Matano is completely serverless and stores all data in ZSTD compressed parquet files in dirt-cheap object storage, allowing you to bring your own analytics stack for queries on large amounts of data for things like investigations and threat hunts. Since we store data in a columnar format and plug in query engines like Snowflake that are optimized for analytical processing the queries on specific columns will run much faster than they would run if executed on a search engine database like Elasticsearch which would require maintenance to scale.

I think it's important to understand that search engines and OLAP/data warehouse query engines have fundamental architectural differences that offer pros/cons for different use cases.

For enterprise security analytics on things like network or endpoint logs which can hit 10-100TB+/day, using anything other than a data lake is simply not a cost-effective option. Apache Iceberg was created as a big data table format for exactly this type of use case at companies like Netflix and Apple.

You are not wrong, but I do think realtime and olap have been converging a bit for a while.

Stateless elasticsearch and opensearch are actually moving to a similar model as what Matano proposes. They both have made announcements for stateless versions of their mutual forks. Data at rest with that will live in s3 and there are no more clusters, just auto scaling ingest and query nodes that coordinate via s3 and that allow you to scale your writes and reads independently. Internal elasticearch and opensearch data formats are of course heavily optimized and compact as well.

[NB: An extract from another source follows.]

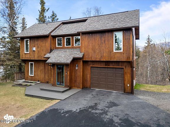 Luxury Living Reimagined! This contemporary mid hillside masterpiece was completely redesigned in 2020 from the studs out by professional designers & engineers blending cutting-edge efficiency with timeless sophistication. Every detail carefully selected to achieve the finest quality aesthetics & improvements: including electrical, plumbing, windows, insulation, roof and fortified foundation.Enjoy year-round comfort with spray foam insulation, an R-47 attic, a 96% efficient boiler, and a premium insulated garage door. Step inside to discover imported Italian porcelain tile, luxurious hardwood floors, room-darkening Graber blinds throughout, and high-end pet-proof carpet. The gourmet kitchen is a chef's dream, featuring a Bluestar commercial range, brand new refrigerator, custom cabinetry, granite and quartz countertops, and a grand butler's pantry. Highlighting the kitchen is hand blown glass pendants and one-of-a-kind chandelier providing elegant illumination. The wine bar stuns with Hawaiian lava stone tile and granite countertops, echoed in the gas fireplace surround, which also conceals a hidden electronics compartment. All appliances and TVs stay, including a Samsung Frame 4K QLED TV an ultra-slim display that doubles as artwork with customizable bezels, Quantum Dot color, and an anti-reflection matte finish. Step up to the inviting spacious second floor living area which includes peak a boo cityscapes and another well crafted gas fireplace with stacked stone from floor to ceiling next to a cozy window seat. Accentuating the adjacent wall is a second Samsung Frame 4K QLED TV. The primary suite is a private retreat with panoramic Chugach mountain views, a balcony hot tub, and a spa-style en-suite bath featuring heated floors, a walk-in shower, and treetop canopy views. A walk-in closet completes the suite. Additional highlights include: Newly paved RV pad & retaining wall Freshly stained siding Reverse osmosis water system and water softener on community well with abundant water LRSA-managed road maintenance and spring curbside lawn waste removal Thoughtfully curated furnishings and artwork are negotiable, making this truly a turnkey luxury home.
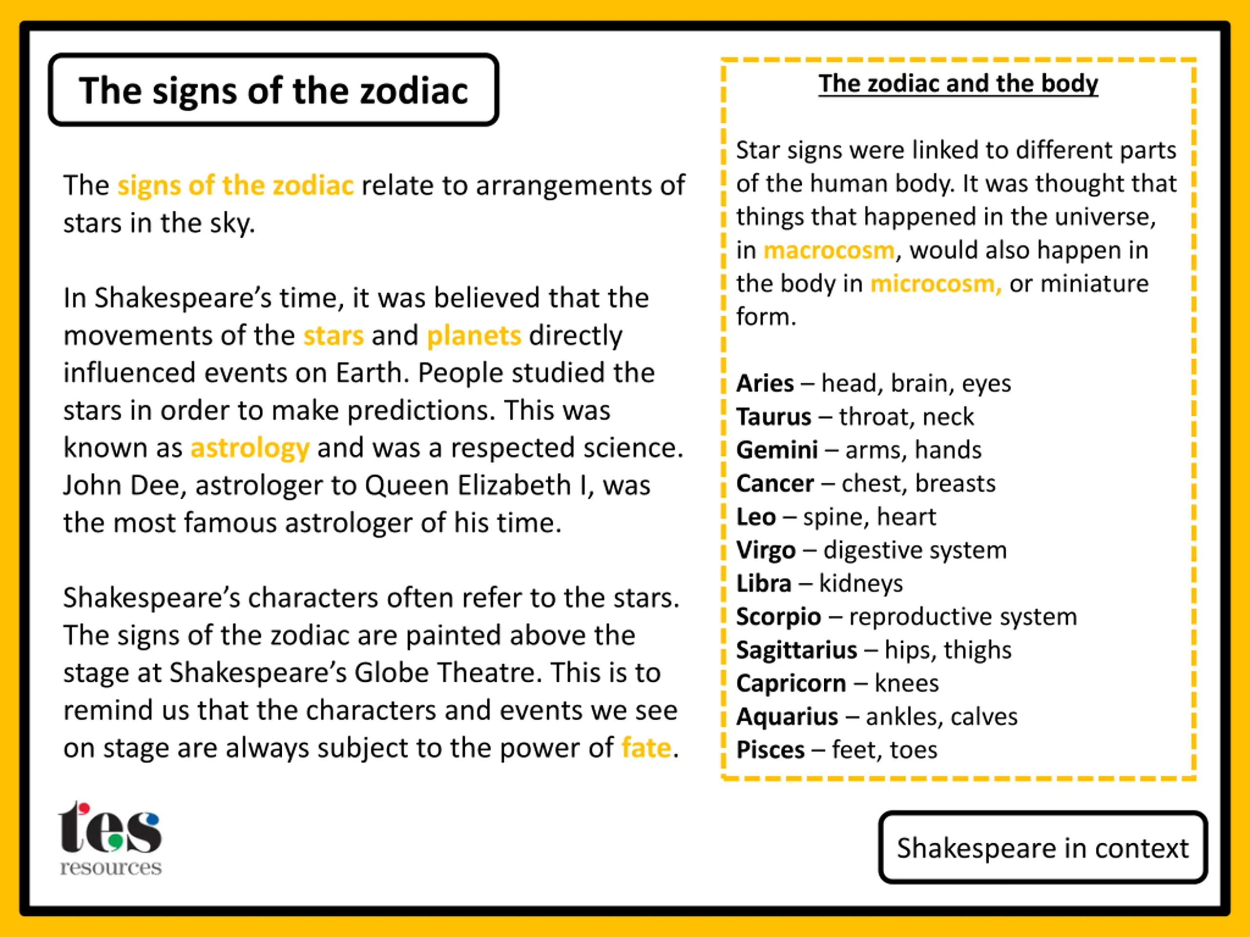 The zodiac and the body The signs of the zodiac Star signs were linked to different parts of the human body. It was thought that things that happened in the universe, in macrocosm, would also happen in the body in microcosm, or miniature form. The signs of the zodiac relate to arrangements of stars in the sky. In Shakespeare s time, it was believed that the movements of the stars and planets directly influenced events on Earth. People studied the stars in order to make predictions. This was known as astrology and was a respected science. John Dee, astrologer to Queen Elizabeth I, was the most famous astrologer of his time. Aries head, brain, eyes Taurus throat, neck Gemini arms, hands Cancer chest, breasts Leo spine, heart Virgo digestive system Libra kidneys Scorpio reproductive system Sagittarius hips, thighs Capricorn knees Aquarius ankles, calves Pisces feet, toes Shakespeare s characters often refer to the stars. The signs of the zodiac are painted above the stage at Shakespeare s Globe Theatre. This is to remind us that the characters and events we see on stage are always subject to the power of fate. Shakespeare in context

Recent versions have e.g. added some more compression options and sparse colunn data support.

But they are also optimized for good read performance. There's a tradeoff. If you write once and read rarely, you'd use more heavy compression. If you expect to query vast amounts of data regularly, you need something more optimal because it takes CPU overhead to de-compress.

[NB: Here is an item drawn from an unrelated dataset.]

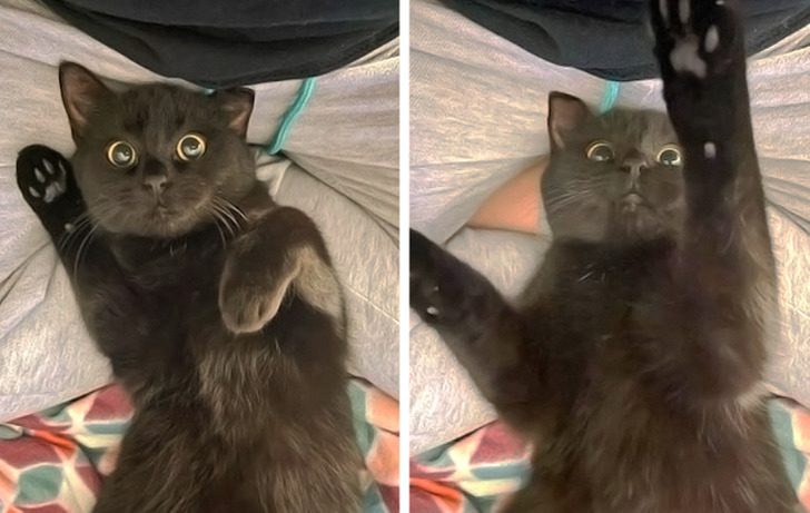 «Наш новый 4-недельный котенок принял свою любимую позу для борьбы»

For search and aggregations, you either have an index or you basically need to scan through the entirety of your data. Athena does that. It's not cheap. Lambda functions still have to run somewhere and receive data. They don't run locally to buckets. Ultimately you pay for compute, bandwidth, and memory. Storing data is cheap but using it is not. That's the whole premise of how AWS makes money.

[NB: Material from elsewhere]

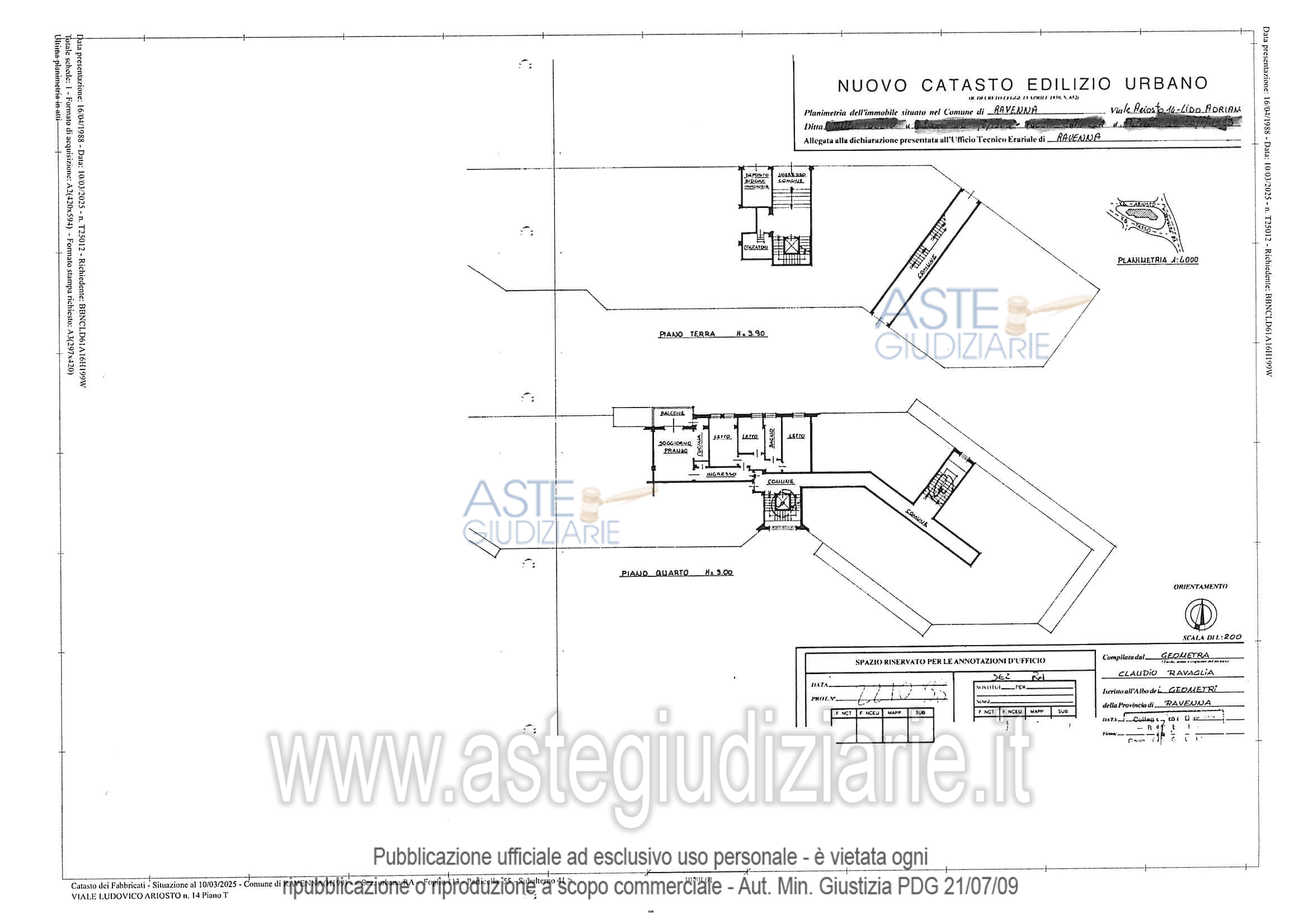 Vendita all'asta Senza incanto, con gara telematica asincrona - LOTTO UNICO: Appartamento posto al terzo piano di un fabbricato condominiale denominato “Adriano” . Prezzo base € 120.000,00 (offerta minima € 90.000,00). Data inizio operazioni di vendita: 17/12/2025 ore 09:30. Giudice Paolo Gilotta. Professionista delegato alla vendita Dott. Claudia Cecco. Custode Giudiziario Dott. Claudia Cecco - Email "cecco@studiocecco.it"; Tel. 0544406420. Rif. Tribunale di Ravenna - Esecuzione immobiliare post legge 80 n. 155/2024

Splunk and Elasticsearch are explicitly aimed at real-time use cases (dashboards, alerts, etc.), which is also what Matano seems to be targeting. But it can also deal with cold storage. Index life cycle management allows you to move data from hot, warm, and cold storage. Cold here means snapshot in S3 that can be restored on demand for querying. It also has rollovers and a few other mechanisms to save a bit on storage. So, it's not that black and white.

Computing close to where the data lives is a good way to scale. Having indexing and caching can cut down on query overhead. That's hard with lambdas, athena, and related technology. But those are more suited for one off queries where you don't care that it might take a few seconds/minutes/hours to run. Different use case.